Godínez-Rubí M, Rojas-Mayorquín AE, Ortuño-Sahagún D - Oxid Med Cell Longev (2013)

Bottom Line: Therefore, reducing oxidative stress (OS) and downregulating the inflammatory response are options that merit consideration as potential therapeutic targets for ischemic stroke.Consequently, agents capable of modulating both elements will constitute promising therapeutic solutions because clinically effective neuroprotectants have not yet been discovered and no specific therapy for stroke is available to date.In the present paper, we focus on the role of NOD as possible neuroprotective therapeutic agents for ischemia/reperfusion treatment.

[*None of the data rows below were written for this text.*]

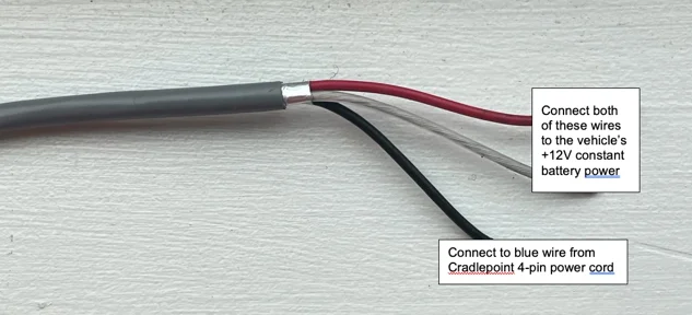 - Connect BOTH the red and white conductors from the 3-Conductor Cable to the vehicle's +12V constant battery or ignition power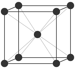 常温の鉄は、立方体の各頂点と中心に原子が位置する「体心立方格子」という形を取っています。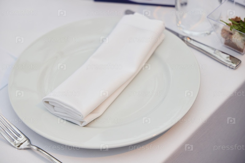 Элегантная сервировка стола с белой салфеткой и красиво оформленной тарелкой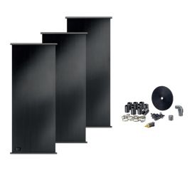 Комплект включає два колектори площею 3,7 м² кожен, алюмінієву раму для їх розміщення на даху і необхідний набір матеріалів для підключення до системи фільтрації.
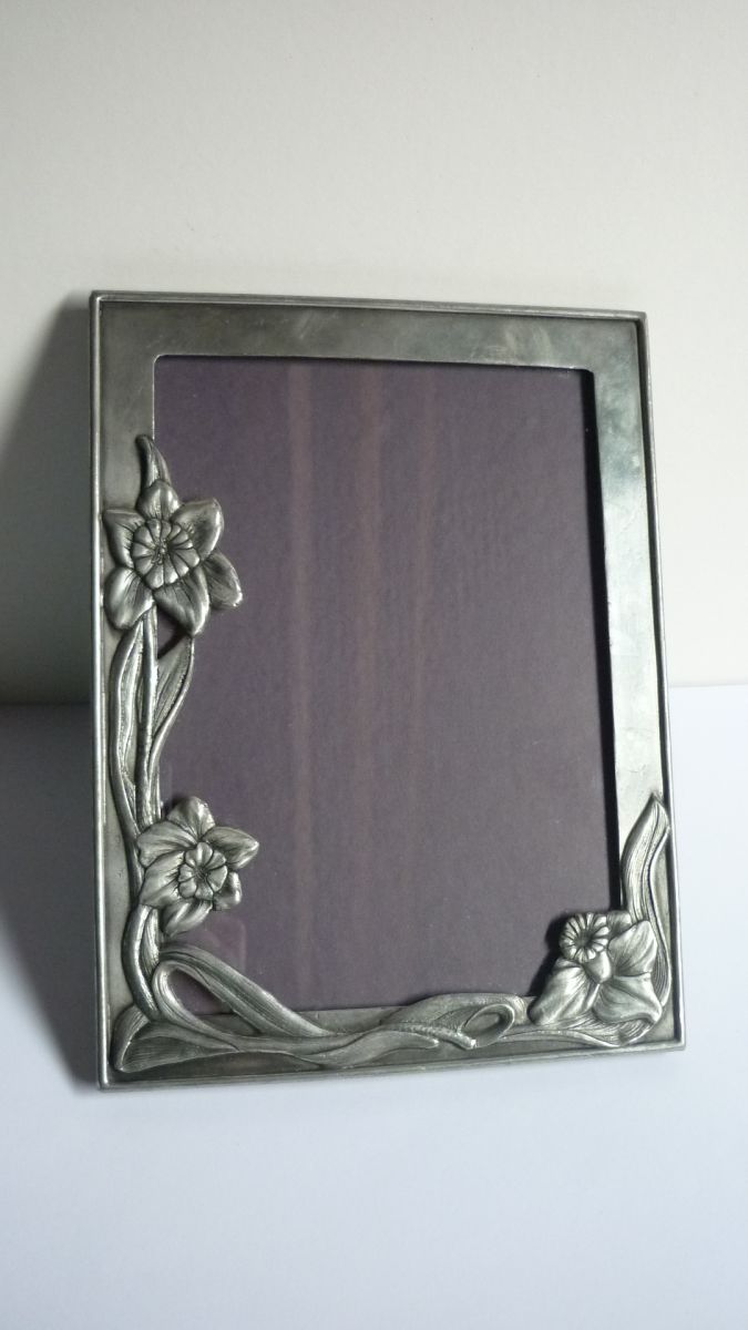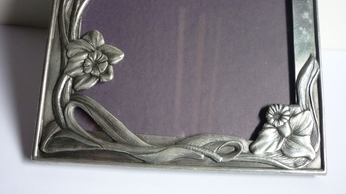 Ravissant cadre photo en métal dont le décor rappelle le style art nouveau, avec ces volutes et ces fleurs.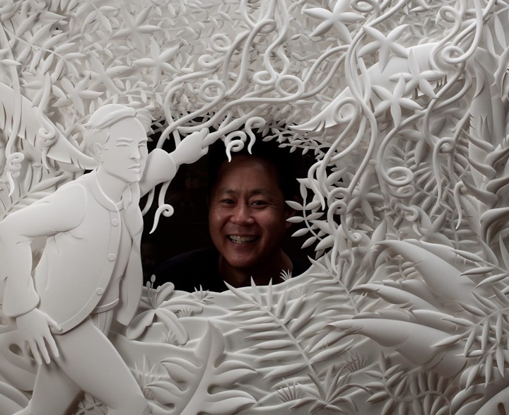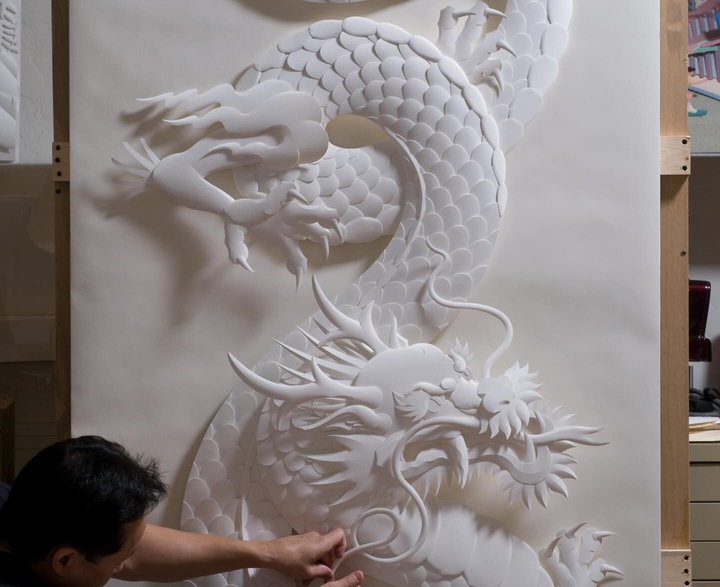 LA native, and world premiere paper sculptor Jeff Nishinaka is able to shape, bend, and pinch the delicate material to craft hyper-detailed murals. Nishinaka’s 40 years of paper sculpting has led him to thousands of projects including Bloomingdales, Cartier, Johnnie Walker Blue Label, Penn State University, Paramount Pictures, HBO, and Moncler to only name a few. Nishinaka is able to focus on and execute very small details in a larger image, something seemingly impossible to craft with paper.
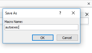 Again, when I closed my macro, I was prompted with the save as dialog box. I named it “autoexec.” This macro will run automatically when the recipient opens the document.

View Article: PubMed Central - PubMed

Affiliation: Laboratorio de Desarrollo y Regeneración Neural, Instituto de Neurobiología, Departamento de Biología Celular y Molecular, CUCBA, Universidad de Guadalajara, camino Ing. R. Padilla Sánchez, 2100, Las Agujas, 44600 Zapopan, JAL, Mexico.

ABSTRACT
Cerebral ischemia initiates a cascade of detrimental events including glutamate-associated excitotoxicity, intracellular calcium accumulation, formation of Reactive oxygen species (ROS), membrane lipid degradation, and DNA damage, which lead to the disruption of cellular homeostasis and structural damage of ischemic brain tissue. Cerebral ischemia also triggers acute inflammation, which exacerbates primary brain damage. Therefore, reducing oxidative stress (OS) and downregulating the inflammatory response are options that merit consideration as potential therapeutic targets for ischemic stroke. Consequently, agents capable of modulating both elements will constitute promising therapeutic solutions because clinically effective neuroprotectants have not yet been discovered and no specific therapy for stroke is available to date. Because of their ability to modulate both oxidative stress and the inflammatory response, much attention has been focused on the role of nitric oxide donors (NOD) as neuroprotective agents in the pathophysiology of cerebral ischemia-reperfusion injury. Given their short therapeutic window, NOD appears to be appropriate for use during neurosurgical procedures involving transient arterial occlusions, or in very early treatment of acute ischemic stroke, and also possibly as complementary treatment for neurodegenerative diseases such as Parkinson or Alzheimer, where oxidative stress is an important promoter of damage. In the present paper, we focus on the role of NOD as possible neuroprotective therapeutic agents for ischemia/reperfusion treatment.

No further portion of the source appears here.